For banks (or for any one) the safest asset is Treasuries (as this is guaranteed by government) and many will have huge amount in LT T-Notes. More the rate hikes, the value will further go down, they may have liquidity issue and FED has to step on more.
IMO, FED does not have room for further rate hikes as they need to balance rate hike, inflation and banks Huge liquidity issue appx 620 billions unrealized loss.
Think this way, you own a bank, get people deposit money (no interest), you have staff, buildings and other overheads, you are supposed to make money to run the business and guarantee the depositors when they need money!
You can not keep everything in liquid cash as you need to run your business, but to invest in instruments and make profits.
Which one you choose (say for 200B) or how to allocate properly and Guarantee profits and depositors need?
Stocks
Gold
Loans
Real estate
Treasuries
Cash
In the world, no investment has the stable value and no guarantee!
If it were up to me I’d suggest a temporary increase of the FDIC insured limit to $10M for the next two years. This would allow the fed to follow through with their rate increases and give the banks some breathing room to work through their underwater bond portfolios.
Yes, I was referring to interest rate hikes. Inflation is decreasing. The banking system is on the verge of collapse.
It’s the position formula from physics. We have current inflation rate (position), we have the decreasing trend (velocity), and acceleration seems neutral. I wonder if they think the current velocity is too slow, so they have to hike to create acceleration? Do they think without a hike the velocity will decrease? Is the hike to create some acceleration in the current trend?
I think the intent is to put the nail in the coffin on some of these bubbles – housing, employment, compensation, crypto, etc. The trend is in the right direction but they want it to accelerate.
FDIC limit will be increased soon, but this is interesting to know why banks, big funds are forced to sell their investments during rate hike environment.
Not only FED rate hike, even market rate changes affects some one or some group during the regular days.
SVB gave good insight on such issues. Hmmm, we should have gained this knowledge at 20s !
Next 3 or 4 days it is supposed to take up to SPX 4050 (nothing guaranteed, remember nothing guaranteed as future is always unpredictable, everything is guess/hope only).
True, you need have trading strategy and do not buy/dca and hold long days.
You have seen the above diagram I showed you, market may go like that wave.
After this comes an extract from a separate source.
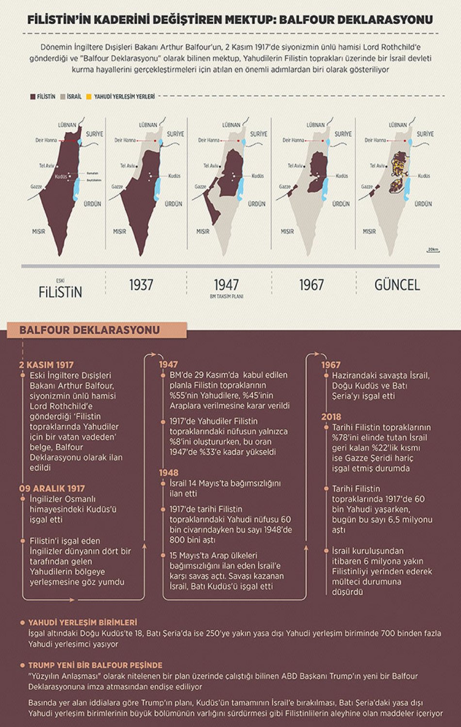 Dönemin emperyal ülkesi İngiltere’nin Dışişleri Bakanı Arthur Balfour, Siyonizm’in ünlü hamisi Lord Rothschild’e 2 Kasım 1917’de gönderdiği mektupta şu ifadelere yer vermişti: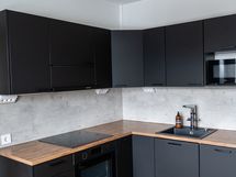 - Paljon kaappitilaa, Puutasot, Integroidut koneet, Induktioliesi, Jääkaappi

The only way to make money is buy at low and sell when it jumps certain percentage and wait for next low.
For example, my partner and I discussed this few days before. If TQQQ jumps over 25% from the current bottom, it is good to sell 30% of holding, when it goes above sell another 30% and further goes up sell all.
Same way, for DPST, we set 40% mark to sell 30%, then 60% to sell another 30% like that.
These percentages or formula changes then and there, depending on our review.
Now, I am trying to automate it, hands free, but too hard for me to automate such complex market conditions.
I know what you mean. My cost basis for TQQQ is 18. I could’ve sold some meaningful amount when it hit 27 in Jan. I did not.
I keep selling covered calls and cash secured puts to manage the decay.
For example, ADBE and GLD May likely crash nicely soon. More than ADBE, GLD has higher probability of dropping/correction, but do not know how much they drop and when they drop!
Since I do not go for puts or shorting, I just ignore but wait until they crash for buying opportunity.
Btw: future is always unpredictable and do not trade anything based on this comments.